* **Work item**: Strip the pictures and reproduce the rest of the listing exactly.

* **Collected data**:
>>>

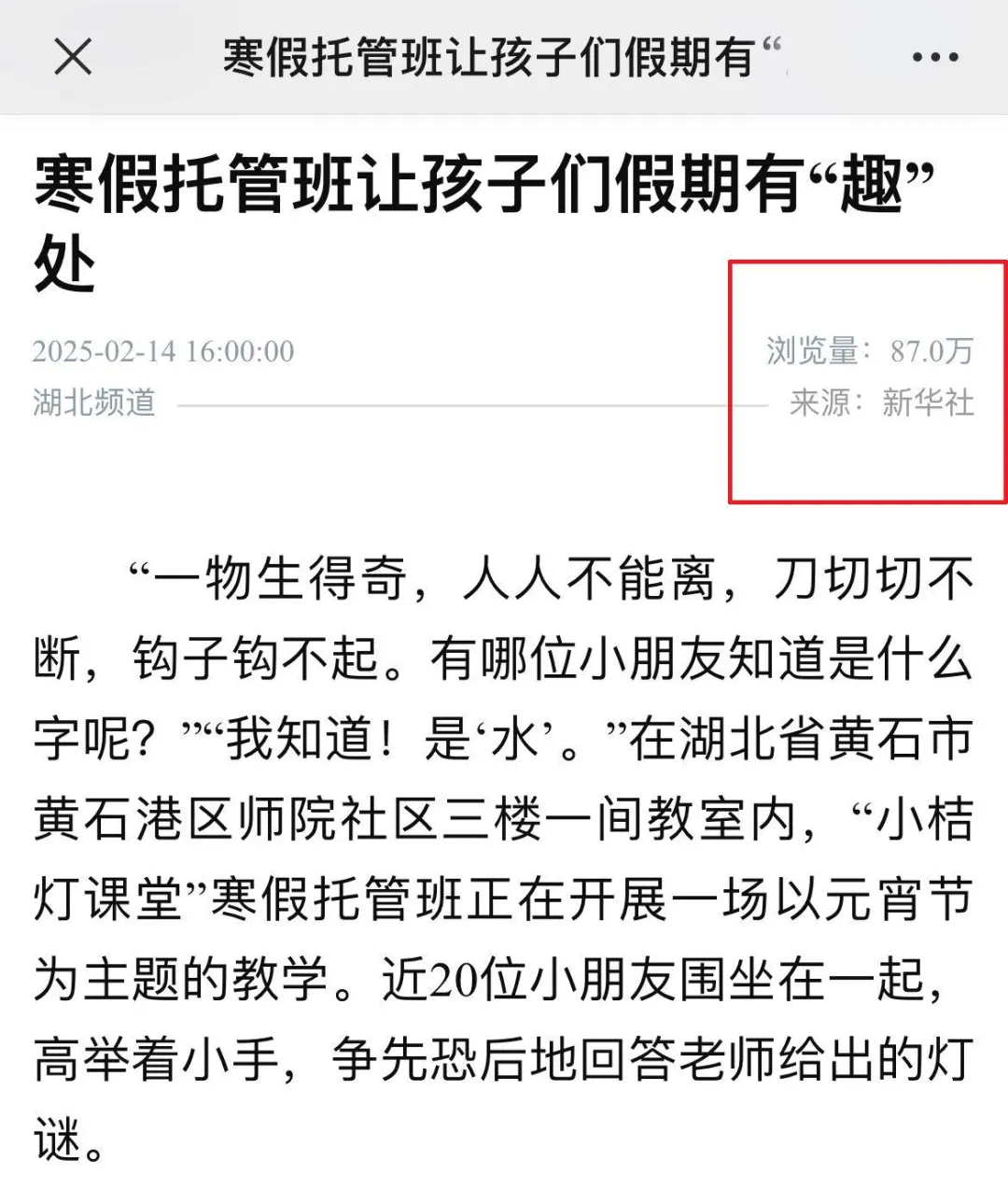 以《寒假托管班让孩子们假期有“趣”处》为题
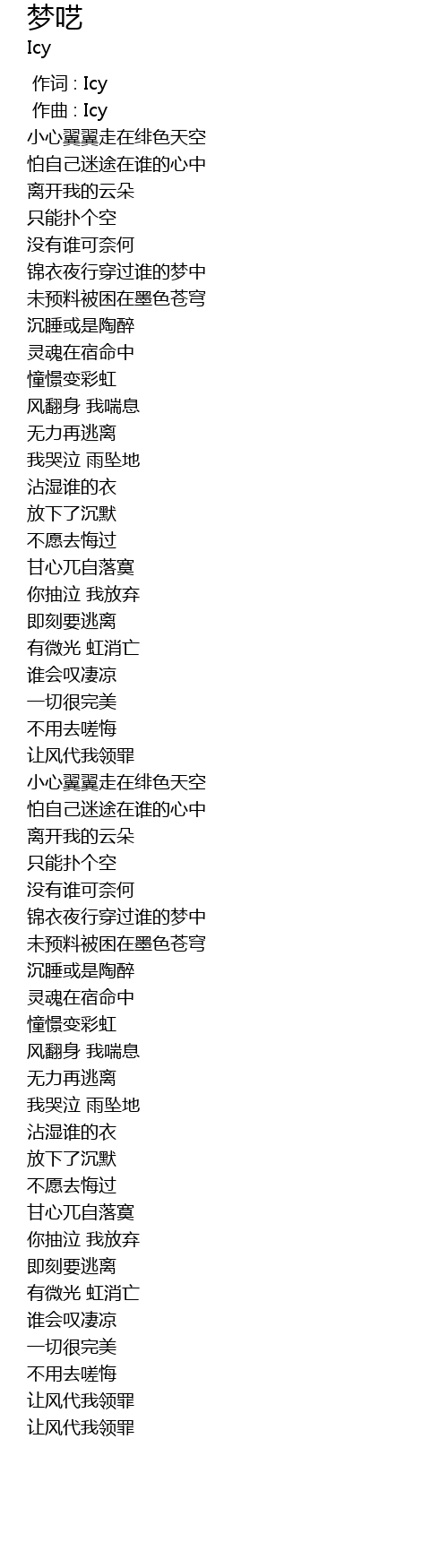 | [03:15.189] | 锦衣夜行穿过谁的梦中 |
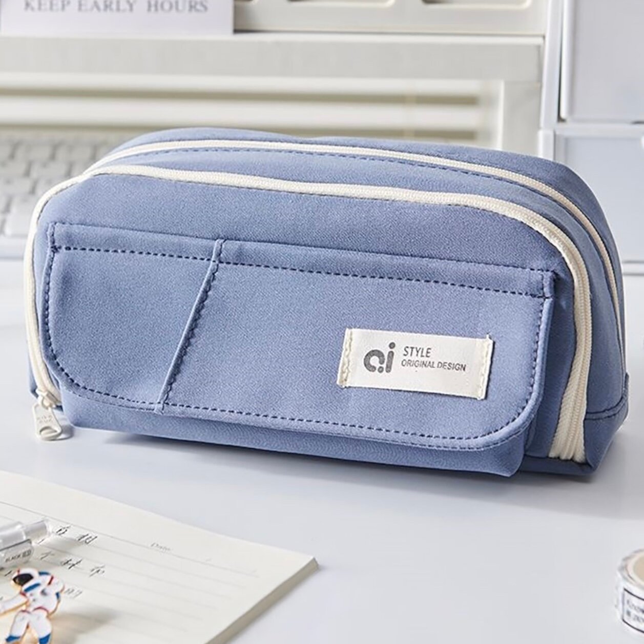 Пенал школьный, органайзер для канцелярии, 3 отделения, цвет голубой
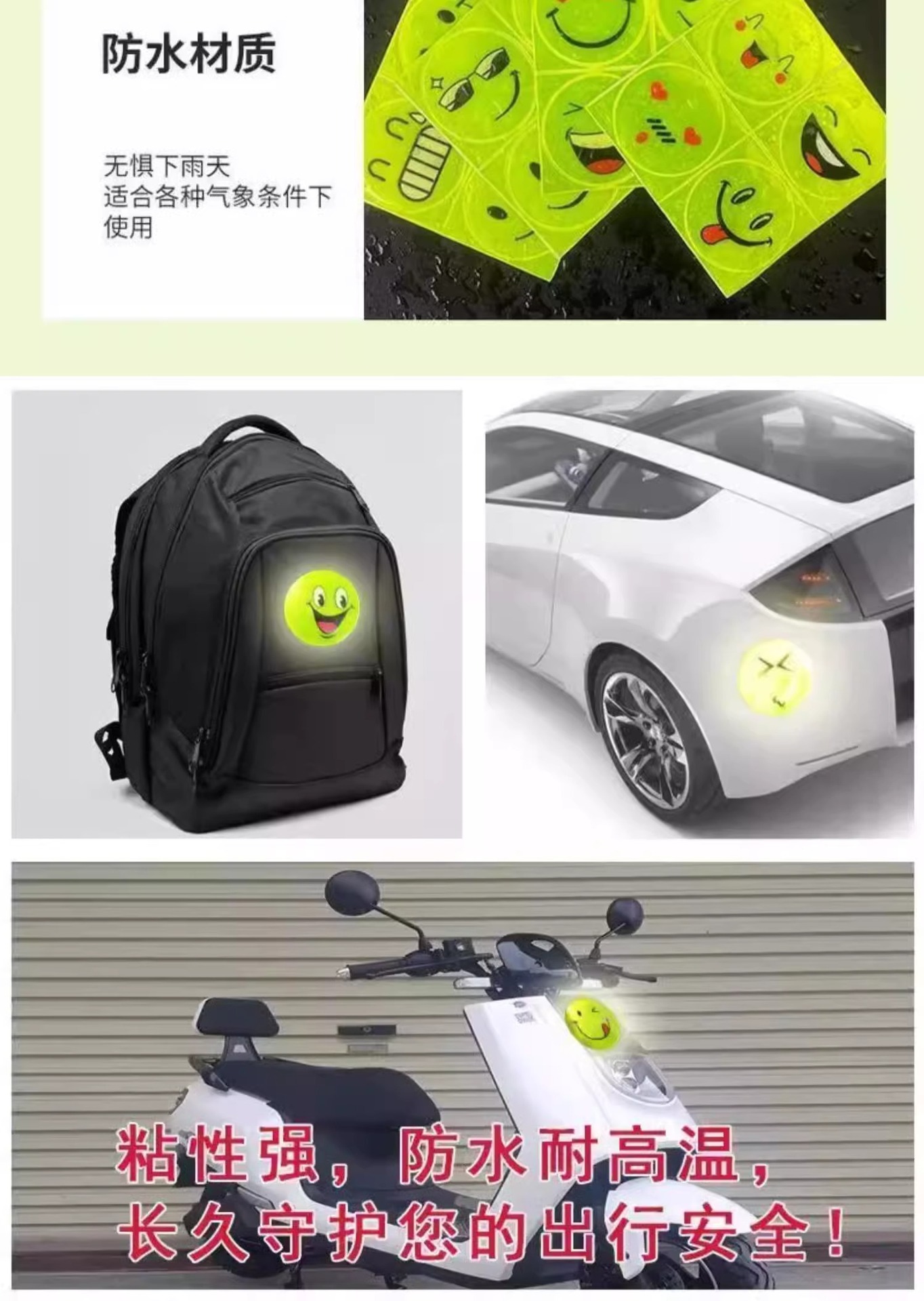 웃는 반사 스티커 학생 Schoolbag 스티커 방수 야간 여행 경고 로고 전기 자전거 장식 스티커

<<<

* **Task response**:
 以《寒假托管班让孩子们假期有“趣”处》为题
 | [03:15.189] | 锦衣夜行穿过谁的梦中 |
 Пенал школьный, органайзер для канцелярии, 3 отделения, цвет голубой
 웃는 반사 스티커 학생 Schoolbag 스티커 방수 야간 여행 경고 로고 전기 자전거 장식 스티커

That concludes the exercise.